Um dia eu resolvi ouvir. Prestei atenção, fiz comentários e até perguntas! "E aquela história do seu sobrinho, como ficou?"
Minha irritação baixou sensivelmente. Depois de uns 40 minutos ou uma hora de prosa, eu consigo dizer: "Agora eu vou me fechar no quarto para trabalhar, se você precisar de alguma coisa, me chama". E deu certo!

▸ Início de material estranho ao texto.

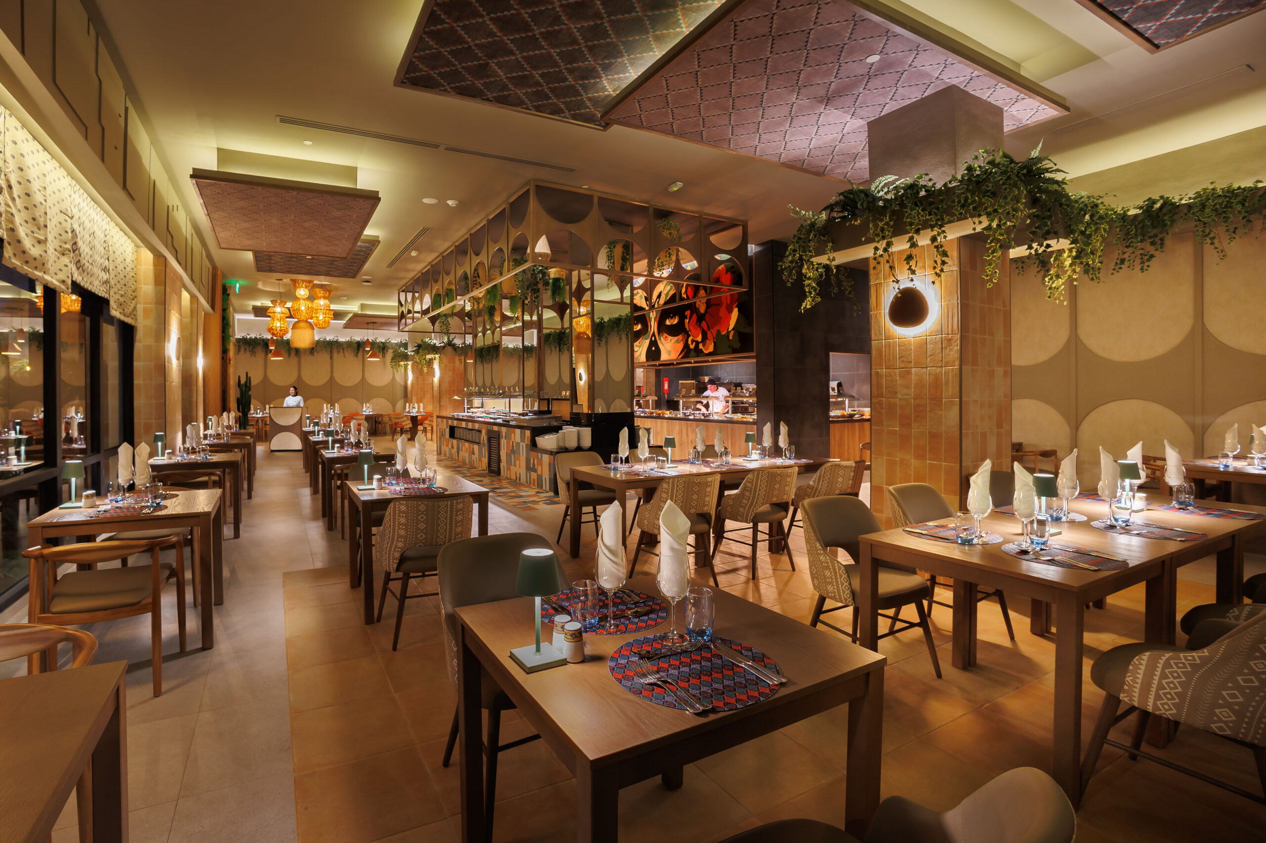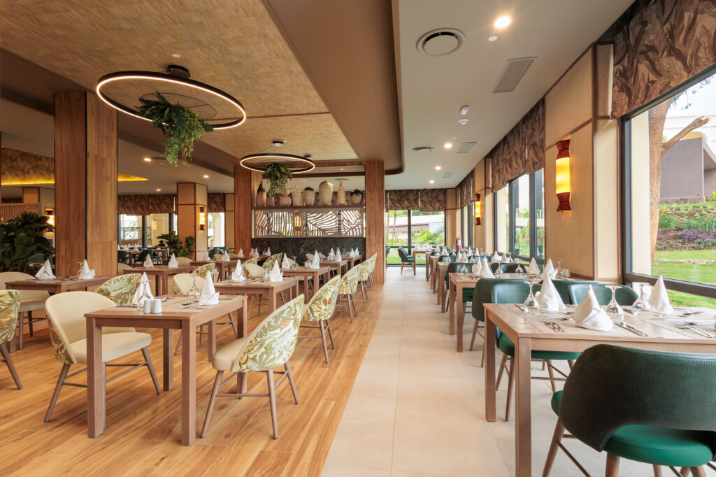 El diseño de cada lámpara ha sido concebido para integrarse con el estilo tropical del hotel, realzando la arquitectura y el interiorismo del conjunto. El resultado es una atmósfera envolvente y sofisticada que acompaña la esencia del Riu Guanacaste, haciendo de cada comida un momento especial.
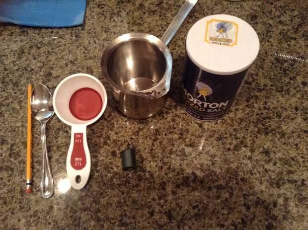 Todo lo que necesita es algun tipo de sal 1/2 taza, cuchara, 1/2 de agua y un lápiz y una cadena

Minha Lama (mestre budista) sempre diz: "Você se acha muito generoso, mas não aguenta ouvir 15 minutos a sua mãe no telefone? Tsc, tsc". Você pode fazer uma atividade voluntária de alta relevância: ouça. A vizinha, o jardineiro, o taxista. E, se discordar de alguma coisa que não seja assim tão importante, deixa pra lá. Outro dia alguém vai te ouvir.